:: AIM OF THE TASK ::
The answer must consist of every line below that holds the word "International".

[SUPPLIED RECORDS Boundary: Start]

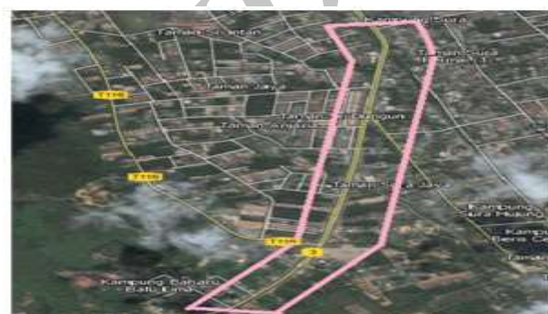
Fig. 1: The area of study

This study was done at residential areas along 3km stretch of Paka Road as shown in Fig. 1. Along this road, there are many residential areas, few schools, shop houses and also colleges.
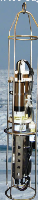
SBE 19plus V2 SeaCAT CTD in Ice Cage
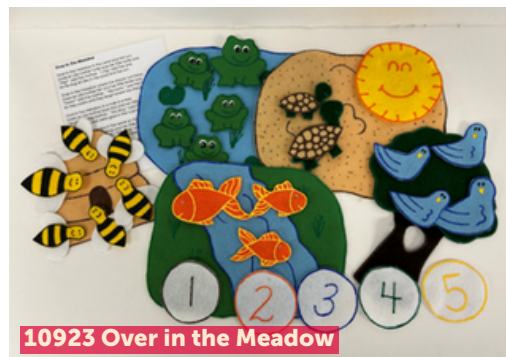
10923 Over in the Meadow
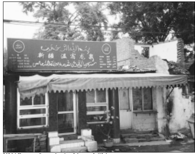
XUAR storefront in Arabic and Chinese.

According to a 1999 Amnesty International Report on human rights violations in the XUAR, even if prisoners receive a trial, the process is a mere formality because political authorities typically
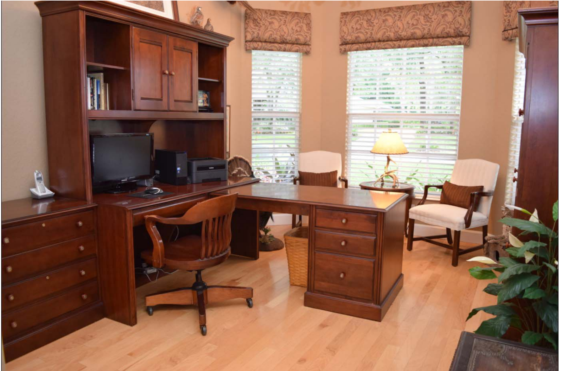
Large Bedroom 4 w/ front view being used as an office 18' x 11'
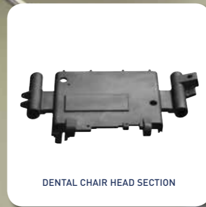
DENTAL CHAIR HEAD SECTION
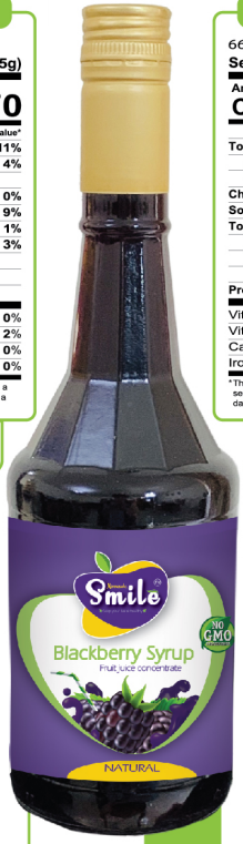
Item #MF401 (12) Box
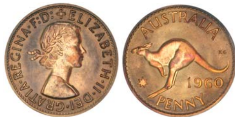
1435* Elizabeth II , Perth Mint proof penny, 1960. With mint red, toning, some spotting, nearly FDC.
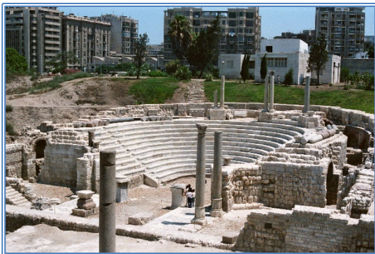
Figure 4. Kom el-Dikka.

Away from the Nile Valley, a number of late Roman archaeological sites can be found in the Fayum. Ongoing Italian excavations at Dimai, ancient Soknopaiou Nesos, have uncovered late Roman amphorae and Coptic texts. The University of Michigan excavations at Karanis (fig. 5) near modern Kom Aushim in the 1920s and 1930s, while still largely unpublished, produced extensive documentary evidence through the late fourth century CE and considerable material remains detailing daily life in late Roman Egypt. The possibility for coordinated study of these two bodies of evidence has produced calls for interdisciplinary approaches to the study of such sites (van Minnen 1994: 249), an approach taken recently by the University of California, Los Angeles (Barnard et al. 2015).
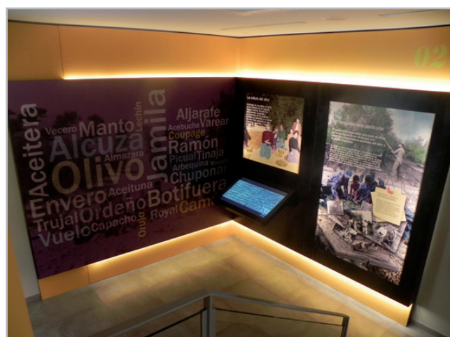
Figure 1. - Museumized area from El Pilar olive oil mill cooperative, Villacarrillo, (Jaén, Spain). Source: own production.

The objective of this research is to study the degree of museumization of olive oil mills in rural areas of Andalusia, according to the definition of a museum proposed by the most progressive sectors of the International Council of Museums (ICOM). Thus, the novelty of this research lies in the fact that no previous study in the literature has addressed the degree of museumization of oil mills. This article thus offers an innovative vision of the conservation of the olive grove landscapes and their rich heritage.
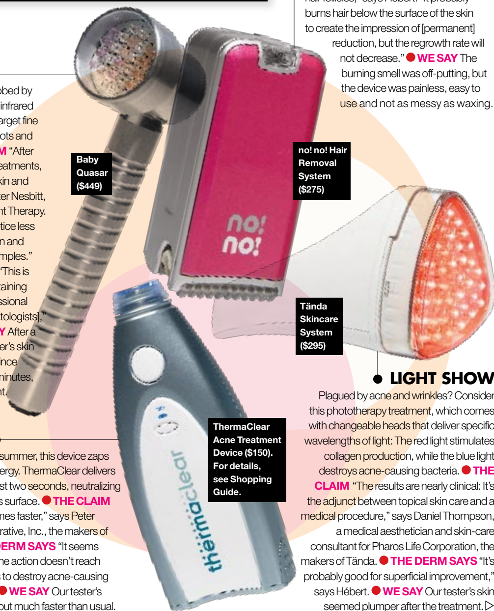
Baby Quasar ($449)
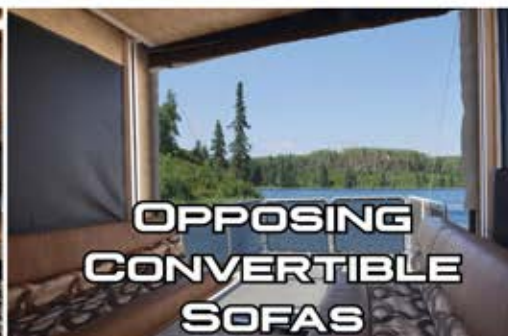
OPPOSING CONVERTIBLE SOFAS
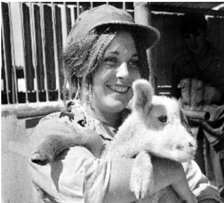
An Israeli soldier hugs her lamb.

Original sin, which is denounced by modern Judaism, was once a chief tenet of ancient Judaism in keeping with the Bible. It is only because some modernists do not want an evident reason to show our need for a suffering Messiah to die for the sins of the world, that the whole idea of “original sin” is denied. Here is the proof:
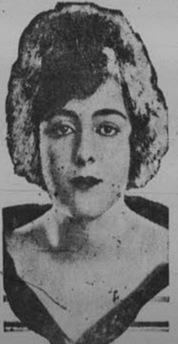
BILLIE DOVE Metro's new star who has been an indefatigable worker in the charity drive for New York's poor.
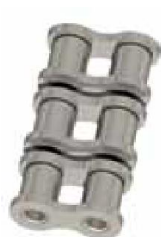
No. 4 (B) Inner link
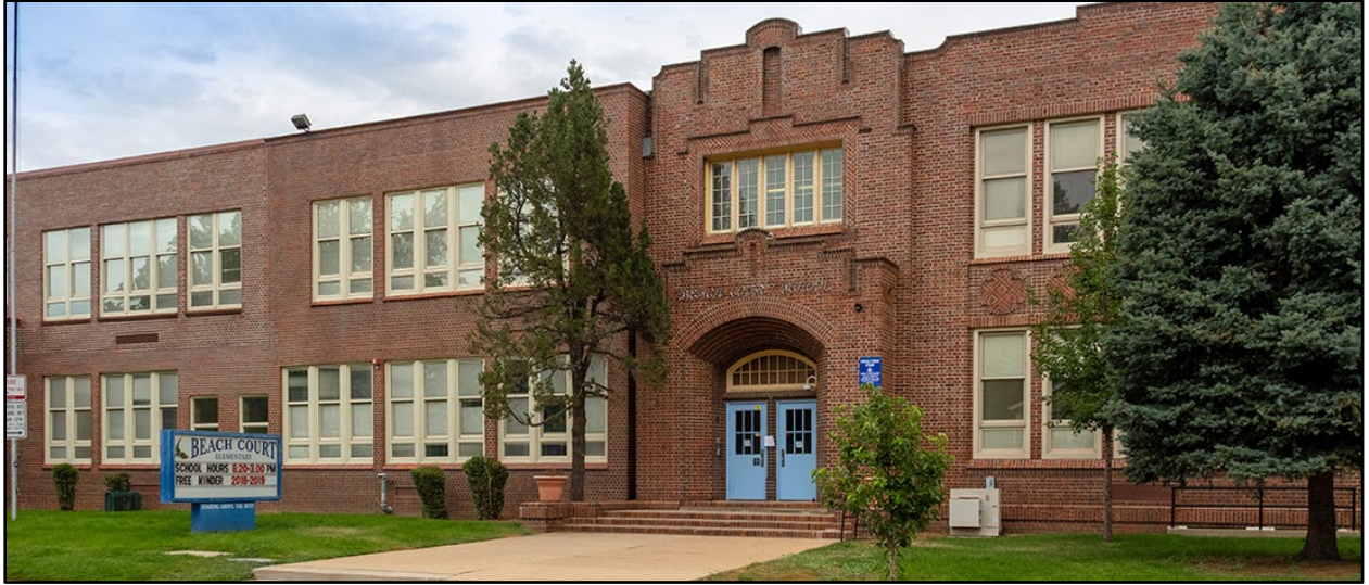
Beach Court Boys & Girls Club at Beach Court Elementary
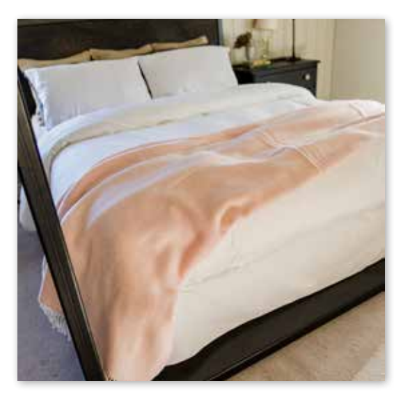
9006 Baby Pink Herringbone
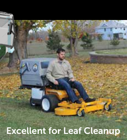
Excellent for Leaf Cleanup

Dual Hydro Axle Combination of hydrostatic transmission and custom gear axle provide a durable and precise drive unit for each wheel
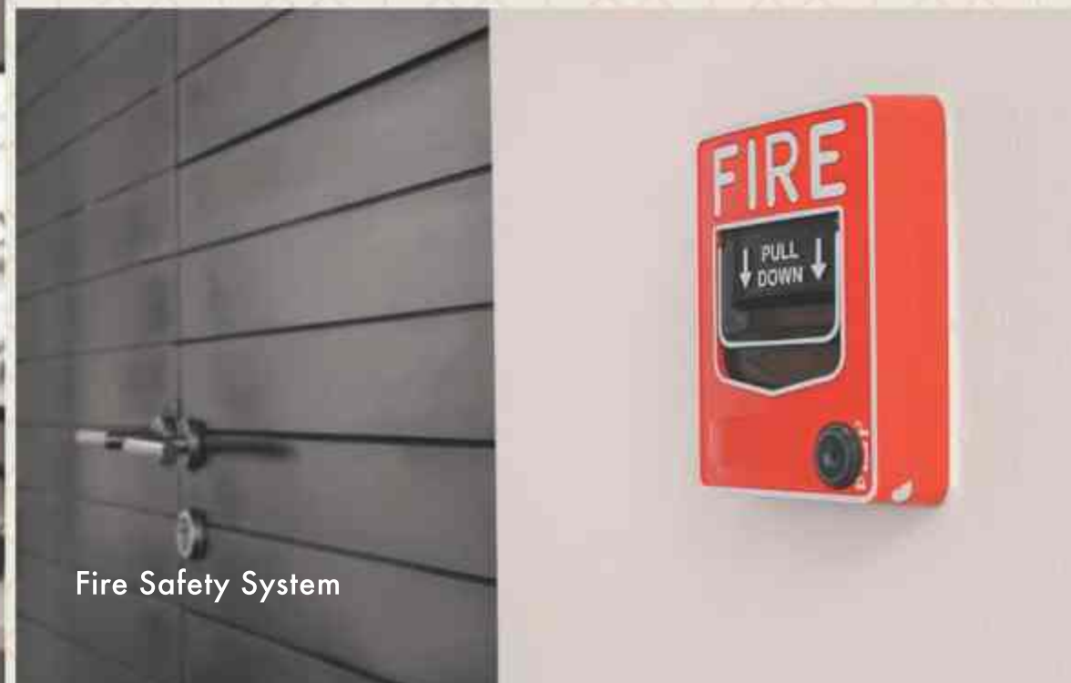
Fire Safety System

[SUPPLIED RECORDS Boundary: End]

:: FINISHED TASK ::
According to a 1999 Amnesty International Report on human rights violations in the XUAR, even if prisoners receive a trial, the process is a mere formality because political authorities typically
The objective of this research is to study the degree of museumization of olive oil mills in rural areas of Andalusia, according to the definition of a museum proposed by the most progressive sectors of the International Council of Museums (ICOM). Thus, the novelty of this research lies in the fact that no previous study in the literature has addressed the degree of museumization of oil mills. This article thus offers an innovative vision of the conservation of the olive grove landscapes and their rich heritage.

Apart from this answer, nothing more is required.